The actress was clutching both of Blackburn’s arms just above the elbows. “C’mon, Will darling, you can surely tell me that much. Shall I take the damned part or not?”
“This is my day off,” he said, smiling. “No predictions.”
“But I have to let my agent know by tomorrow afternoon.”
“I can fit you in for a reading at eleven A.M.,” the psychic offered. “That’s the best I can do.”
“Can’t you at least give a little hint as to …”
I moved beyond hearing range.
When I reached my wife at long last, I found Groucho sitting at her feet smoking a cigar.
“Good evening, Julius,” I said.
“Rollo,” he said, popping to his feet, “do you realize what a grave injustice has been done to me?”
I handed Jane the glass of ginger ale. “There was more when I left the bar.”
Taking the drink, she said, “Groucho’s been grieving because Lockwood didn’t ask him to bring his guitar and sing tonight.”
“My guitar wasn’t invited,” he confirmed, exhaling smoke. “And my horse was ignored as well.”
“You don’t have a horse,” I reminded him, moving closer to Jane and putting my free hand on her shoulder.
“They’re not getting off that easy. I know a snub when I see one,” Groucho said. “In fact, I know a shrub when I see one, which makes me just awfully popular in horticultural circles.”
I attempted to lure him onto a different topic. “What’s your costume meant to be?”
“I’m Abraham Lincoln, obviously.” Though he had applied the greasepaint moustache he used in his movies, there was no Lincolnesque beard in evidence. Instead of a stovepipe hat, he was wearing one of his old Captain Spaulding pith helmets. And over the shoulders of his tweedy autumnal sport coat, he had thrown a shawl.
“You don’t look much like Abe Lincoln.”
“Neither did Abe Lincoln.”
“He never, for instance, wore a pith helmet.”
“He never happened to wear one when there were photographers around, true,” admitted Groucho. “But he was often seen with a shawl very much like this one draped over his careworn shoulders.”
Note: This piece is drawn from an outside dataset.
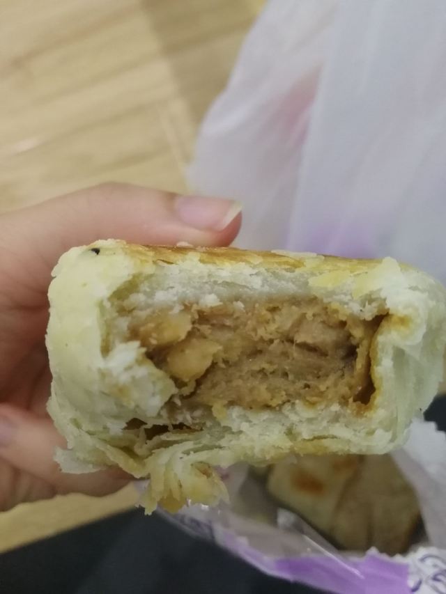 买了两个,鲜肉和榨菜鲜肉,都好吃,热腾腾的,鲜肉的还有汁水!是今天唯一没踩雷的食物。。。

“I doubt Lincoln’s shawl had “Souvenir of Youngstown, Ohio” embroidered across—”
“As a chap who’s gotten himself tarted up to resemble a potential pallbearer for Orson Welles, you’re in no position to cast aspersions,” Groucho informed me. “We might allow you to cast a few nasturtiums later in the evening, however, so stick around.”
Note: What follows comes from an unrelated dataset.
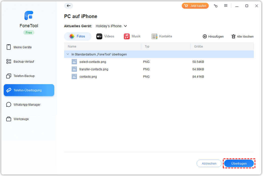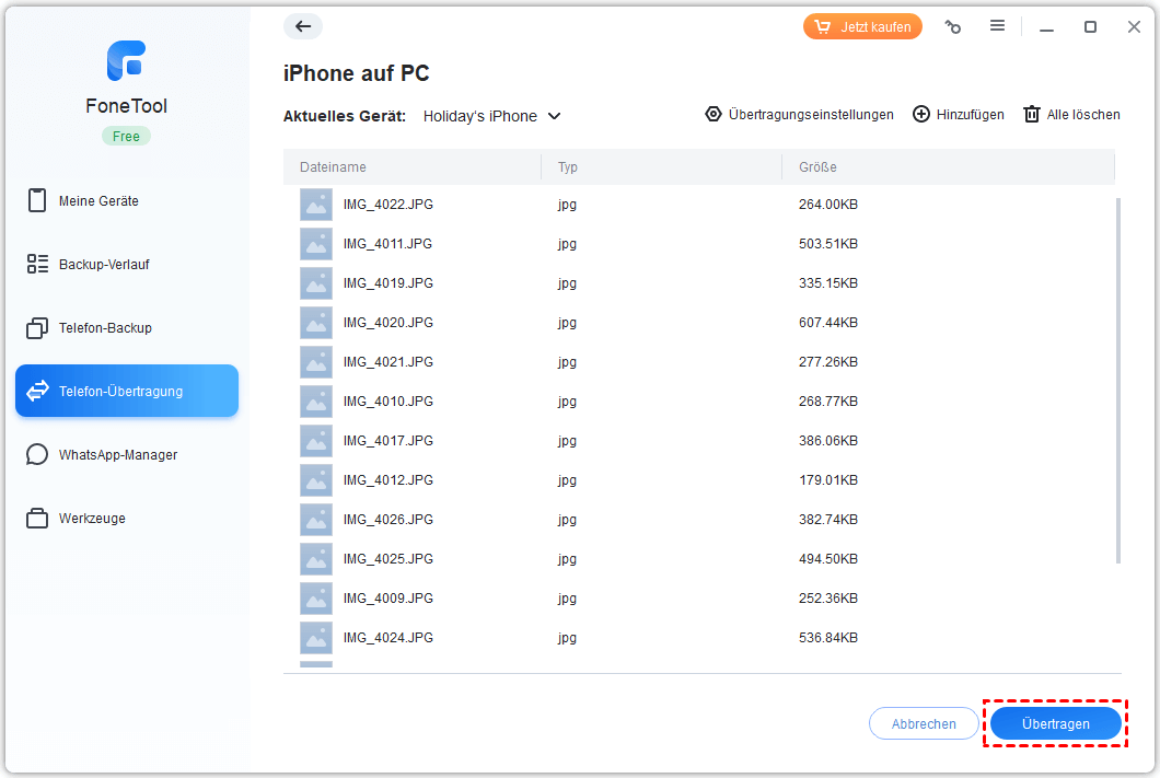 Ist Ihr iPhone voller Fotos, Musik, Software und Daten? Mit der einfachen iPhone-Übertragungs-App können Sie regelmäßig Dateien vom iPhone auf den PC übertragen, um Speicherplatz freizugeben, und eine Sicherungskopie aller Ihrer Daten auf dem Computer erstellen.

“I just encountered Lockwood and—”
“That poltroon. He invites Ted Timberlake, Warlock Pictures’ answer to Gene Autry, to yodel some ditties from his cow operas and plunk his guitar at tonight’s festivities. Yet he misses the golden opportunity of having the man who’s known far and wide as the Kosher Segovia to—”
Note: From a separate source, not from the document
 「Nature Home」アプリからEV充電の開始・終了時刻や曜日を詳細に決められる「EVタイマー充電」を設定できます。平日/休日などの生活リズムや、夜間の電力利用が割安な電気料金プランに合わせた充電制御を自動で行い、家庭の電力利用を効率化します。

“Timberlake happens to be a very hot singing cowboy right now, Groucho, and Warlock is promoting the guy,” I cut in to remind him. “And lots of people, as inexplicable as it may seem, like cowboy tunes more than they like Gilbert and Sullivan.”
“I wasn’t planning to render my popular medley of ditties from The Mikado,” he informed me. “I would’ve favored the throng with ‘Lydia the Tattooed Lady’ the hit tune from our new Marx Brothers movie. I understand it’s been climbing on the Hit Parade charts. At the same time I myself have been climbing a greased pole.”
“How’s At the Circus doing at the box office?” Jane asked. The film had opened nationwide about two weeks earlier.
“MGM won’t tell us, but the last time Chico drove by the studio, he noticed they’d hung black crepe on all the gates,” he answered. “And I hear that Louis B. Mayer is planning to replace their Leo the Lion mascot with Leo the Turkey.”
Jane suggested, after sipping her ginger ale, “Maybe Ted Timberlake will loan you his guitar after he’s finished performing, and you can—”
“Would you ask Rubinstein to play on a piano loaned to him by Frankie Carle?”
I remembered to sample my beer. “Despite the fact that Lockwood hasn’t availed himself of your musical services,” I said, “he sure seems favorably inclined toward us. I think we’ve got a hell of a good chance of selling our show to his Amalgamated Radio Network, Groucho.”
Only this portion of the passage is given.